### TASK OBJECTIVE
Look through the material below and return every line that contains "Rathaus".

### DATA FOR THIS EXERCISE
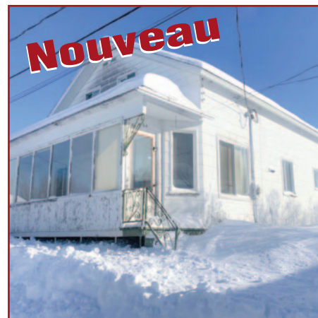
60, RUE DU COLLÈGE, SAINT-ZÉNON 4 CAC, VÉRANDA, GARAGE, 9765 P 2 , # 23354634, 118 000 $
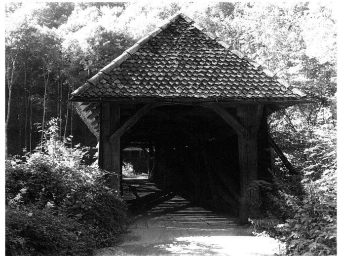
Abb. 3: Die neue Brücke von 1810, die im Laufe des 19. Jahrhunderts noch oft als «steinig Brügg», zunehmend aber als «Suworow-Brücke» bezeichnet wurde. Aufnahmen durch das Staatsarchiv Schwyz im Juli 1995.

mehrfaches Hänge-Sprengwerk . . . Das massive Hänge- werk ist ein fünfseitiger Stabpolygon mit vier Paar Hänge- pfosten. Die Streben vom Obergurt (Stabpolygon) sind vierfach und im Mittelfeld (Brustriegel) dreifach geführt, mit einer zusätzlichen Kreuzversteifung. Zwei übereinan- der verdübelte Längsbalken dienen als Streckbalken. Das zweifache Trapezsprengwerk – Streben, die den ersten und zweiten Hängepfosten gegen das Widerlager abstützen – dienen als zusätzliche Verstärkung des Tragwerks. Beides zusammen bildet das damals oft angewandte Hänge- Sprengwerk.
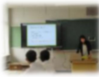
マインドマップの作成
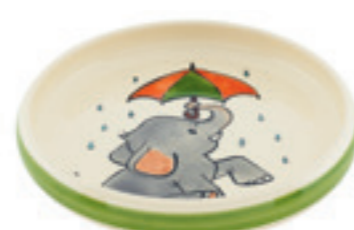
Kinderteller Elefant Ø 18 cm hoher Rand 39525
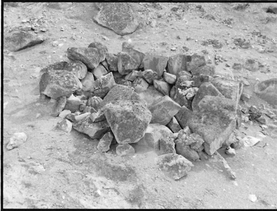
Imagen N ° 5: Sitio Arqueológico El Arenal. Vista panorámica de la estructura circular de 1.5 m de diámetro.
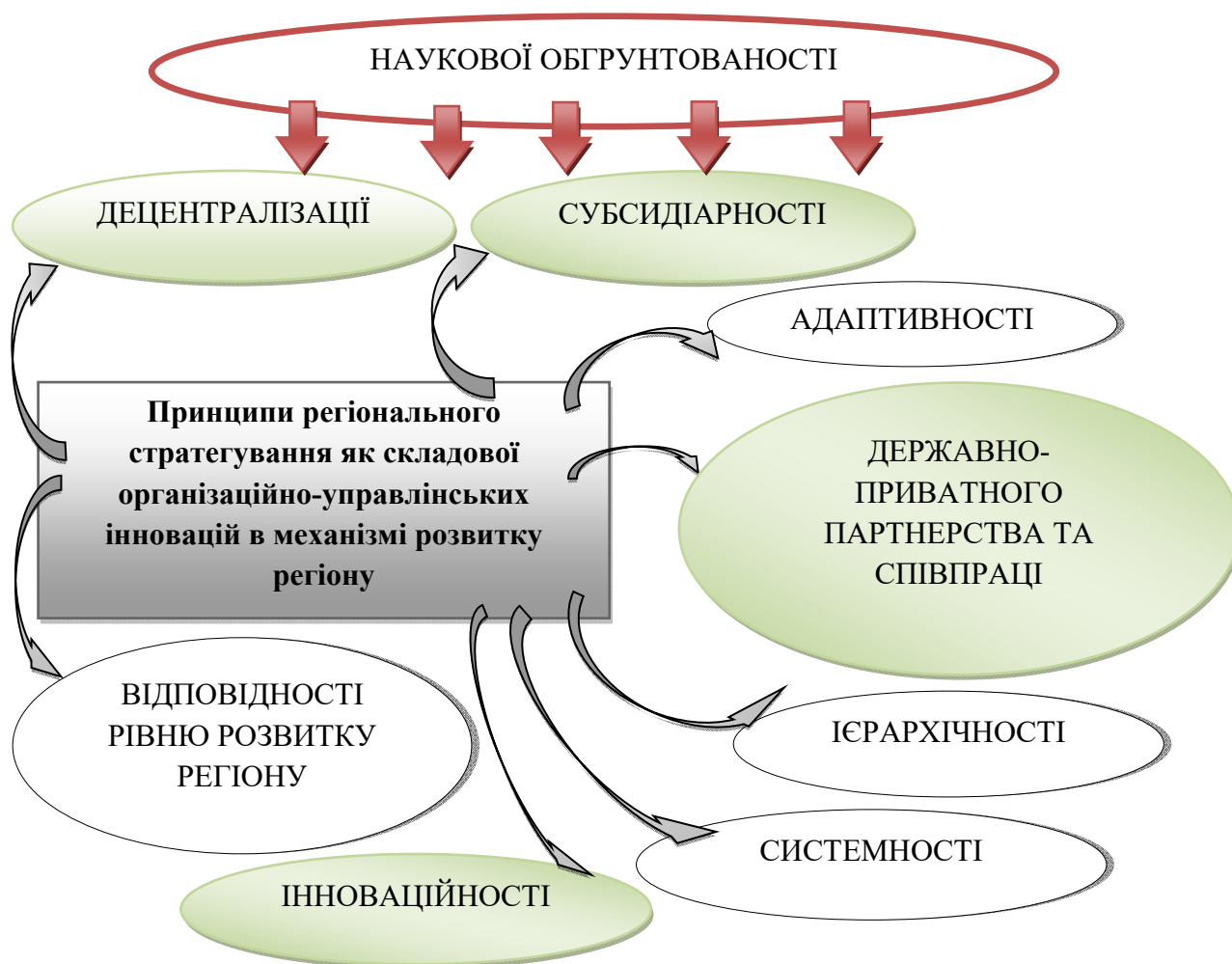
Рис. 2. Методологічні принципи стратегування соціально-економічного розвитку регіонів України

як один з основних механізмів стримування централізації [10]. В загальному розумінні, субсидіарність передбачає процедуру розподілу та перерозподілу повноважень між різними рівнями управління державної влади.
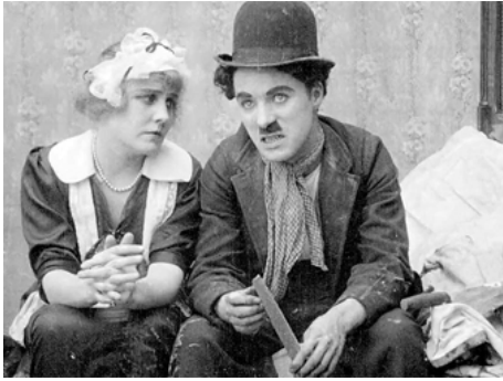
1915 CHARLOT APPRENTI (Work) de Charles Chaplin avec Charles Chaplin
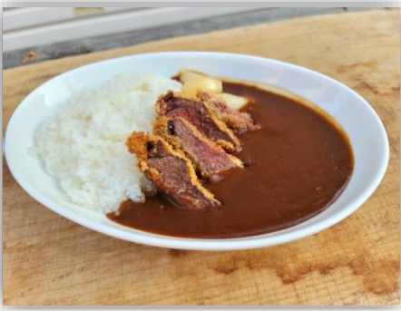
◆鹿肉のカツカレー 1000円

夜には「 バー・オウル・ナイト 」として、カフェからバーに変わります。八東ふる里の森でしか飲めない厳選仕入れのお酒もお楽しみいただけます。
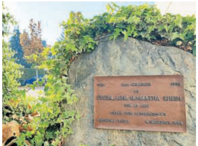
In Brühl will man die Vorgänge des 9. November 1938 nicht vergessen, hier die Gedenktafel beim Rathaus

Beginn ist am 9. November um 17.30 Uhr, die anschließende Gedenkveranstaltung danach etwa um 18.00 Uhr vor dem Rathaus. Beides wird vom Evangelischen Bläserkreis umrahmt.
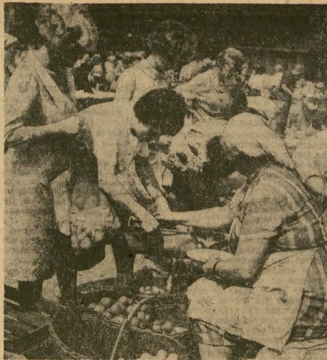
W tym roku owoce obrodziły nadzwyczajnie. Na targowiskach jest ich więc do wyboru, do koloru. Ceny są też przystępne.

ADRES REDAKCJI: Kraków, ul. Wiśnina 2, Druk: Krak. Drukarnia Prasowa, Kraków ul. Wielopole 1. T-7

### OUTPUT OF THE TASK
In Brühl will man die Vorgänge des 9. November 1938 nicht vergessen, hier die Gedenktafel beim Rathaus
Beginn ist am 9. November um 17.30 Uhr, die anschließende Gedenkveranstaltung danach etwa um 18.00 Uhr vor dem Rathaus. Beides wird vom Evangelischen Bläserkreis umrahmt.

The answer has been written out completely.